### WHAT THE EXERCISE ASKS
Look through the data below for the line with "The 1979 peace" and the line with "Морква Памела –", then transcribe exactly from the first through the second, leaving out all pictures.

[Data records]
════
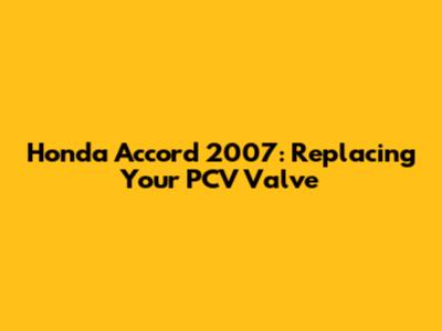 Maintaining Your 2007 Honda Accord's PCV Valve for Longevity
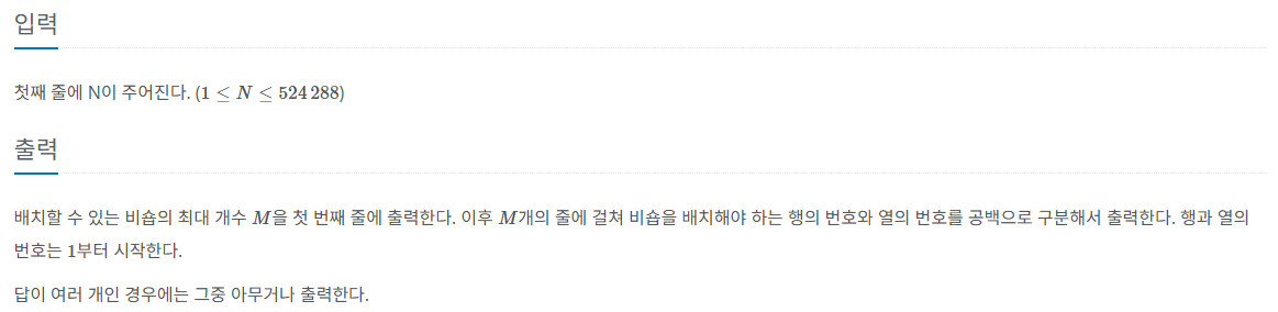 그래서 힌트를 찾아보니 첫번째 줄을 비숍으로 채우고 나머지 비숍 넣을 수 있는 곳을 찾으라는 것을 보고 n + n - 2라는 공식이 size가 1보다 클 경우 적용이 되었습니다. 또한, 넣는 비숍의 위치가 마지막 줄의 양끝을 빼고 들어갈 수 있으므로 이를 이용해 해결했습니다.
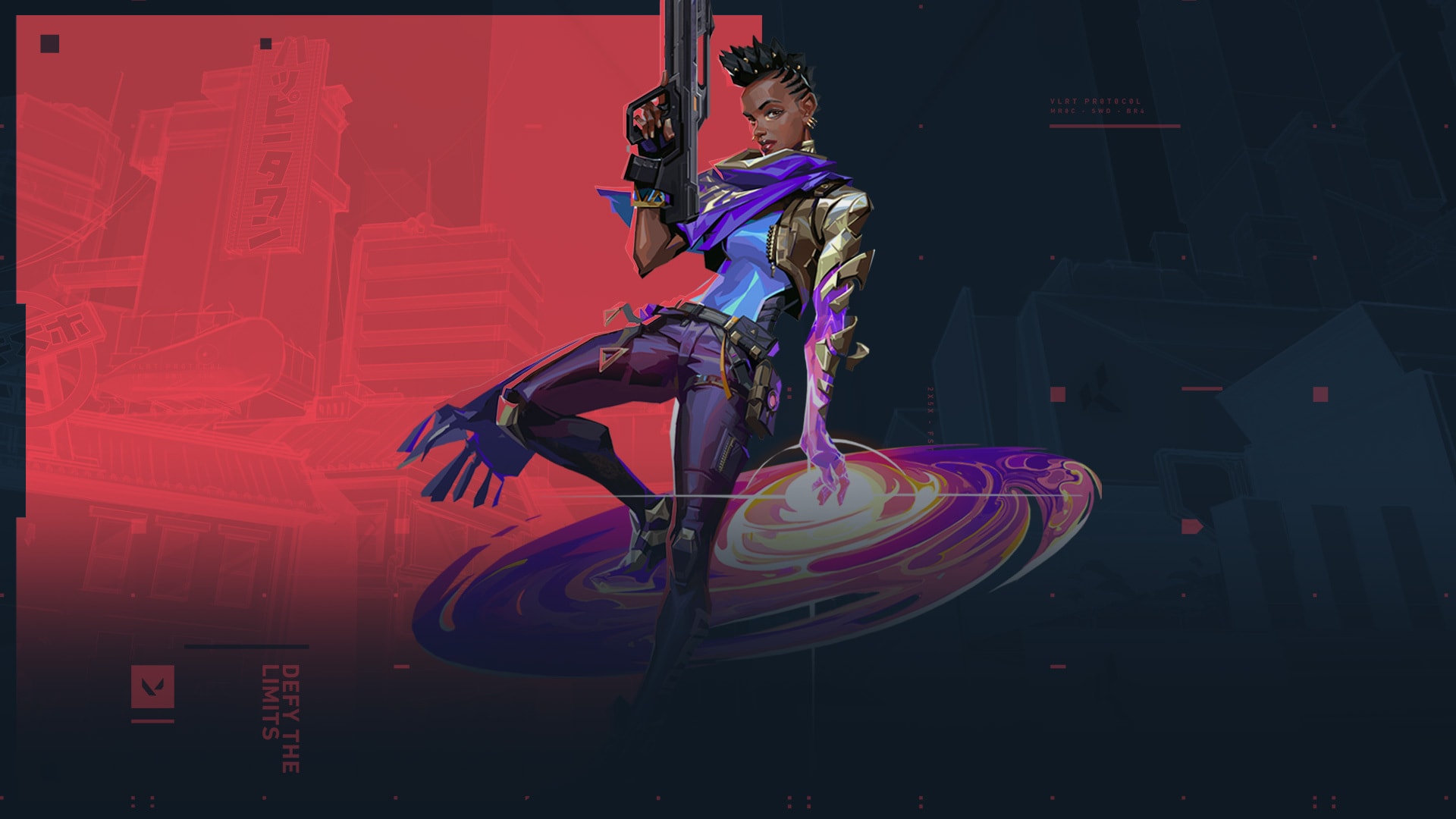 Flashy and fast, Jett dashes across the battlefield in a blur. Her kit is full of mobility that allows her to bypass obstacles and attack enemies from above.
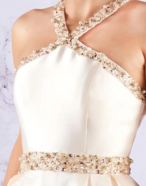 Exude a timeless appeal in this elegantly ornate Mac Duggal Ballgowns 77498 masterpiece. Mesmerizes in a sleeveless, halter neckline accented with pearl beading. Fitted bodice is wrapped in an embellished belt and flaunts a diamond open back. The pleated ballgown skirt is detailed with side pockets and finishes the look in a sweep train. Turn yourself into a head-turning beauty by slipping into this absolutely eye-catching Mac Duggal gown.
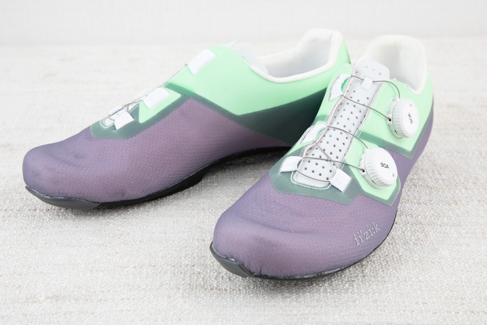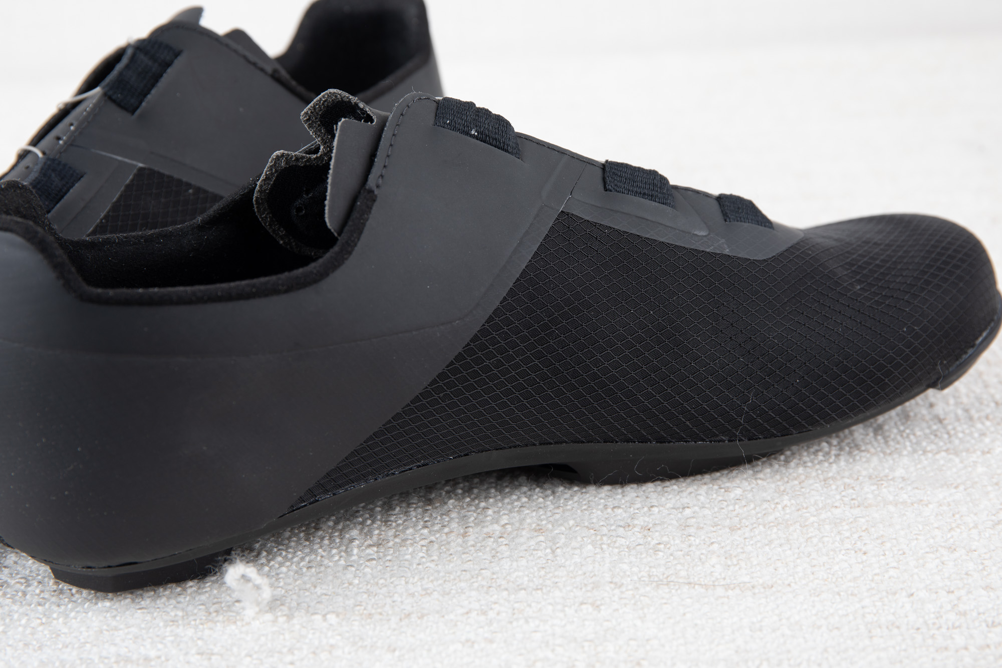 이 소재는 발의 굴곡에 맞춰 부드럽게 늘어나며, 공기 순환 성능이 높아 신발 내부의 열기와 땀을 신속하게 배출한다. 페달을 당길 때 갑피가 늘어나는 것을 잡아주기 위해 폴리우레탄(PU) 라미네이트를 부분적으로 덧대어 내구성과 지지력도 놓치지 않았다.
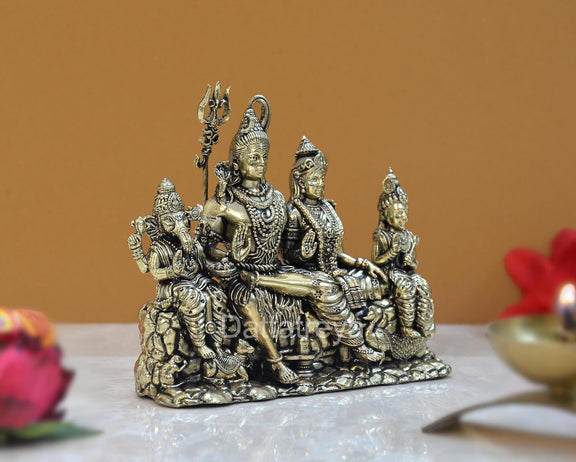 Bronze Shiv Parivar Shiva Family Idol Family for Home Decor Mandir Pooja Showpiece (Height 4.5 Inch)
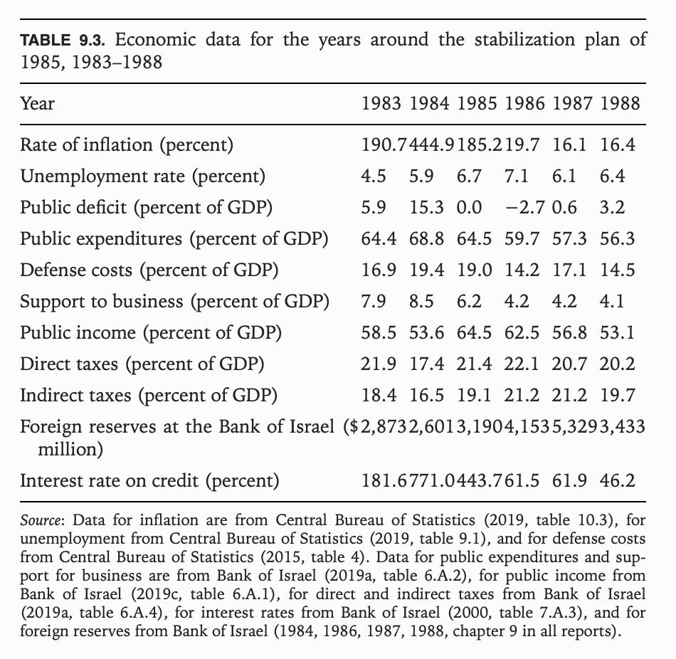 The 1979 peace agreement with Egypt may not have brought peace to the Middle East in comprehensive sense. It left the fate of the Palestinian people undecided. But as Zeira points out in his excellent survey, The Israeli Economy, there is a world of difference between maintaining an occupation regime over a lightly armed civilian population, however brutal, and fighting all-out war of national survival. The peace deal with Egypt turned Israel’s security problem from an impossible burden to a manageable economic and fiscal problem. It was this security settlement that gave monetary stabilization and central bank leadership a chance. The story is brilliantly told in Krampf’s The Israeli Path to Neoliberalism (2018).
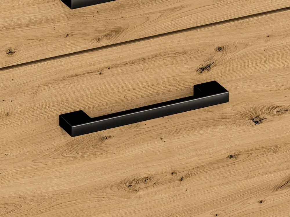 - Nóżki szafy wykonane z tworzywa sztucznego w kolorze czarnym umożliwiają wygodne odkurzanie pod szafą.
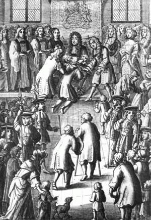 From the middle-ages it was a commonly held belief in England and France that a monarch’s touch could heal the skin disease known as scrofula or the ‘king\'s evil’. The sovereign was believed to be divinely appointed by God himself and could therefore act as a conduit to cure sickness in their people. Court ceremonies were held periodically for the reigning monarch to lay hands on or ‘touch’ the afflicted to cure them.
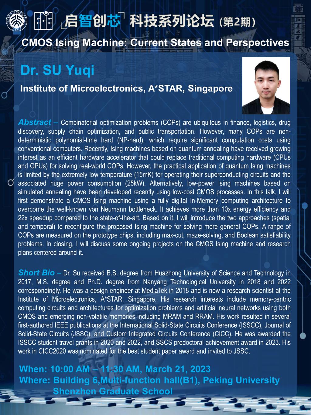 【启智创芯科技系列论坛】 (NO.2)Dr.SU Yuqi:CMOS Ising Machine: Current States and Perspectives
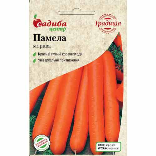 Морква Памела – відмінний середньоранній сорт. Вегетаційний період 100-110 днів. Коренеплоди циліндричні, 18-20 см завдовжки, соковиті та смачні. Сорт відрізняється високою врожайністю та універсальністю призначення: для споживання у свіжому вигляді, переробки та зберігання.
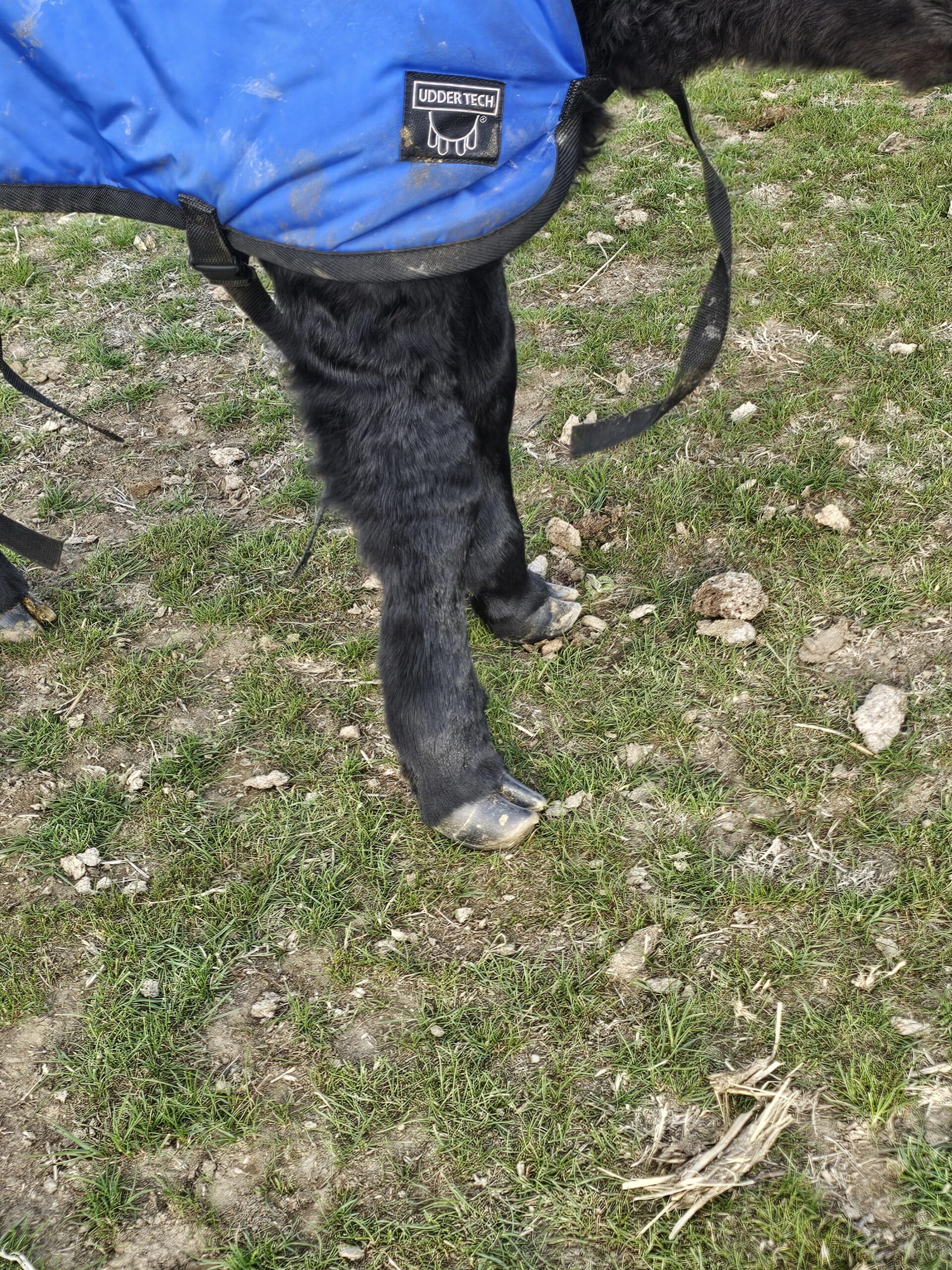 Looking for a little advice. My bullcalf was born just yesterday (3/9/25) and his the way his front legs/hooves are bending doesn’t look normal to me. Looks like he’s rocked back to far on his heels.
════
### RESULT OF THIS EXERCISE
 The 1979 peace agreement with Egypt may not have brought peace to the Middle East in comprehensive sense. It left the fate of the Palestinian people undecided. But as Zeira points out in his excellent survey, The Israeli Economy, there is a world of difference between maintaining an occupation regime over a lightly armed civilian population, however brutal, and fighting all-out war of national survival. The peace deal with Egypt turned Israel’s security problem from an impossible burden to a manageable economic and fiscal problem. It was this security settlement that gave monetary stabilization and central bank leadership a chance. The story is brilliantly told in Krampf’s The Israeli Path to Neoliberalism (2018).
 - Nóżki szafy wykonane z tworzywa sztucznego w kolorze czarnym umożliwiają wygodne odkurzanie pod szafą.
 From the middle-ages it was a commonly held belief in England and France that a monarch’s touch could heal the skin disease known as scrofula or the ‘king\'s evil’. The sovereign was believed to be divinely appointed by God himself and could therefore act as a conduit to cure sickness in their people. Court ceremonies were held periodically for the reigning monarch to lay hands on or ‘touch’ the afflicted to cure them.
 【启智创芯科技系列论坛】 (NO.2)Dr.SU Yuqi:CMOS Ising Machine: Current States and Perspectives
 Морква Памела – відмінний середньоранній сорт. Вегетаційний період 100-110 днів. Коренеплоди циліндричні, 18-20 см завдовжки, соковиті та смачні. Сорт відрізняється високою врожайністю та універсальністю призначення: для споживання у свіжому вигляді, переробки та зберігання.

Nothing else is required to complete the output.